Julian can read a digital clock. but he can't do "clock math," like understanding that 6:51 is after 6:50. Or if he does, he doesn't act on it. Gabriel, on the other hand, been adding and subtracting times for many years now, and has a very solid understanding that 6:52 is 7 minutes after 6:45...but he still can't judge how long 7 minutes is.
(Indeed, it's hard for anyone. I read once that adults are pretty good at guessing how long they've been waiting on line for up to about 5 minutes, after that, their judgment of wait time becomes vastly distorted. I thought about that as I was stuck at an intersection at First Street this afternoon, watching light-rail train after light-rail train interrupt my turn at a green. A clock revealed that it was "only" 4 minutes, but it felt like 40.)
So to move the mornings along, I've been telling them, "At 7:45 I take the bowls away, so if you want to eat breakfast, do it NOW." Before you wince at my cruelty, bear in mind that I tell them this at around 7:20 -- they have plenty of time to eat a bowl of cereal if they don't putz around.

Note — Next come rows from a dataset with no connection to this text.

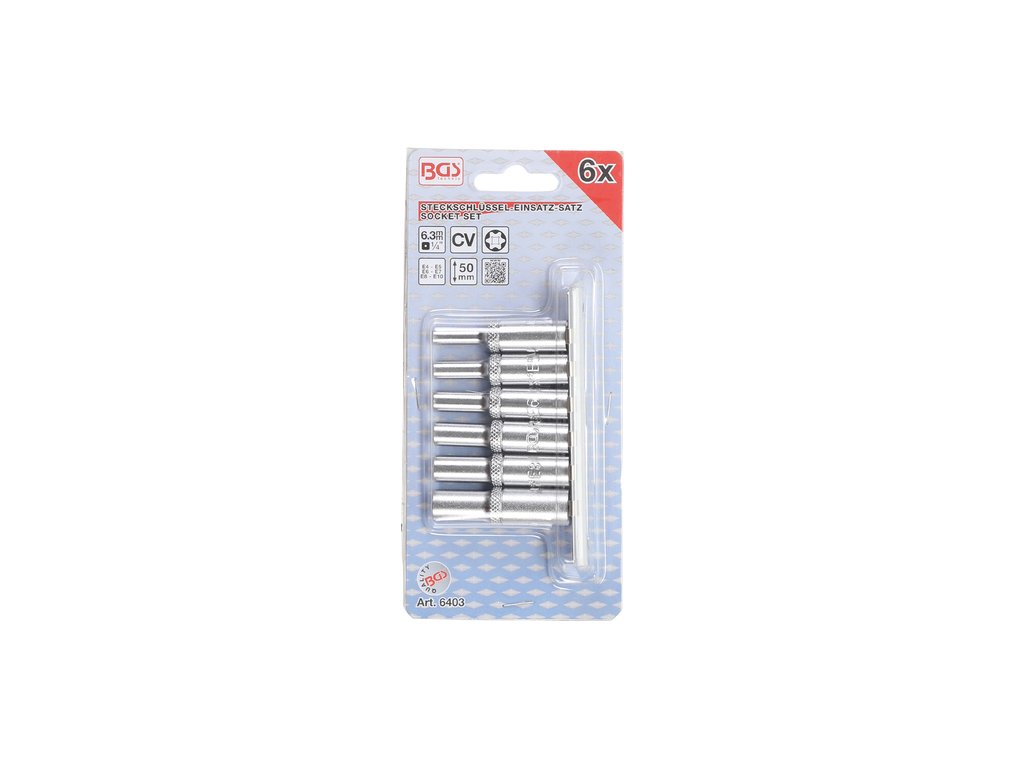BGS Technic BGS 6403 Nástrčné hlavice 1/4" E-profil E4 ÷ E10, prodloužené. Sada 6 dílů na
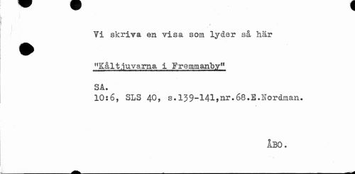 //// Ti skriva en visa som lyder så här //// "Kålt.juvarna i Fremmanby" SA. //// 10:6, SLS 40, s. 139-141,rir.68.E.Nordman. //// # //// ÅBO. ////
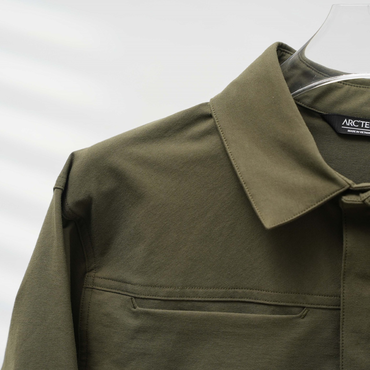 Factory direct Arc'teryx Cronin Cotton Overshirt, retro green, sizes XS-XXL.
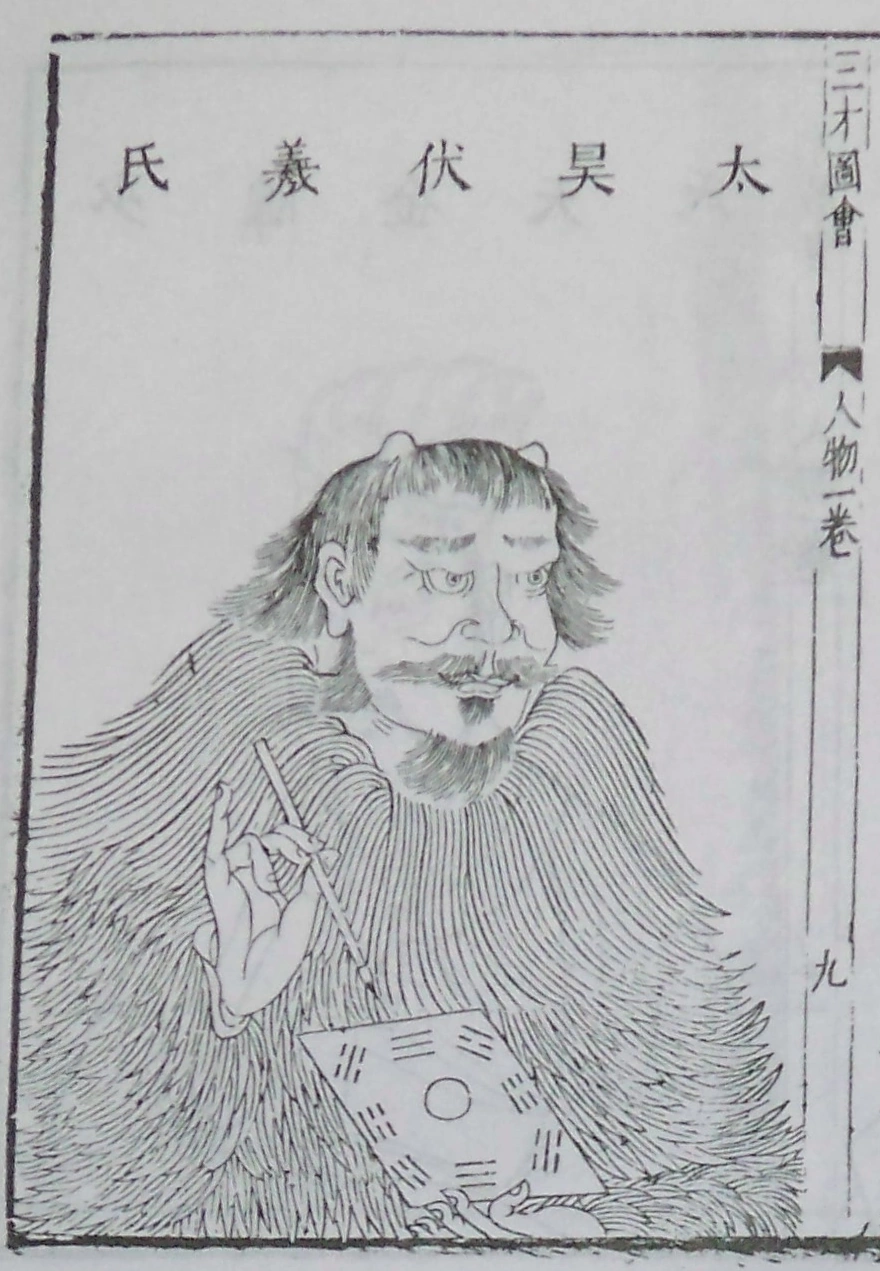 Según el mito chino, Fuxi y su hermana Nüwa fueron los únicos supervivientes de una gran inundación. Tras ella, se convirtieron en los padres de toda la humanidad. Fuxi se convirtió en el primero y más famoso de los emperadores legendarios de la antigua China, seguido por Shennong y Huangdi, el emperador amarillo.[1]
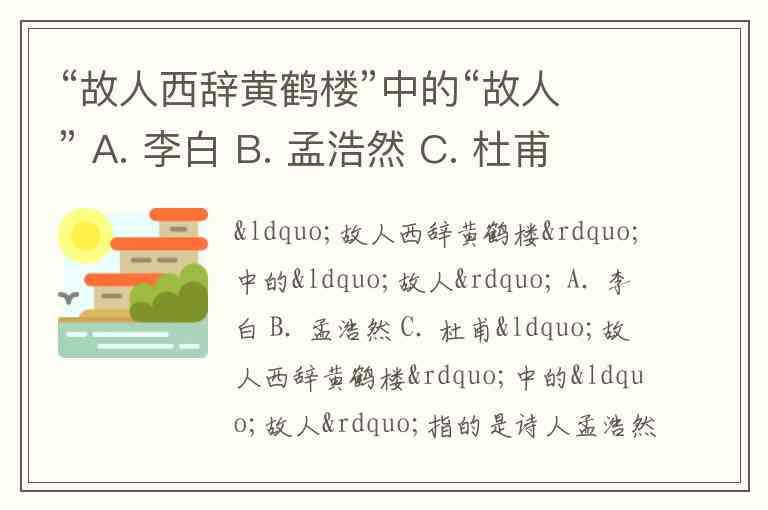 “故人西辞黄鹤楼”中的“故人” A. 李白 B. 孟浩然 C. 杜甫
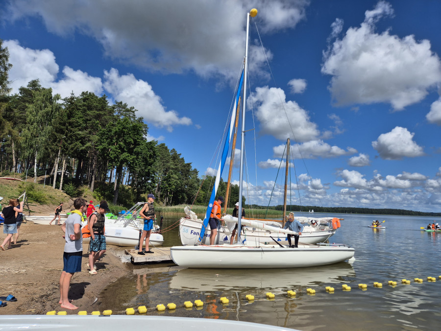 Pogoda, chociaż nie była taka jak poprzedniego dnia, to również skorzystaliśmy z kąpieli w jeziorze i mieliśmy kolejny dzień kursu żeglarskiego. Na początku było pływanie na "Omedze" a następnie na "DeZecie". Wszyscy poradzili sobie doskonale.

Tonight, I was delighted at how quickly and efficiently they whizzed through the bath-pajama process when I stumbled across the (incredibly obvious) new policy that any ice cream that was earned gets doled out after bath. TIMED ice cream: "At 8:05 the bowls go out...and I put them away at 8:10!" Who knew those boys could get through bath and pajamas in less than 40 minutes and without any yelling!
Katrina, for all her faults, isn't a time liability yet. I think I'd trade her nightly dinnertime tantrum (still in full force) for some morningtime putziness, but something tells me I'll regret that wish. She's an expert in taking same-old same-old problems to new heights. But she loves pointing out the numbers on clocks.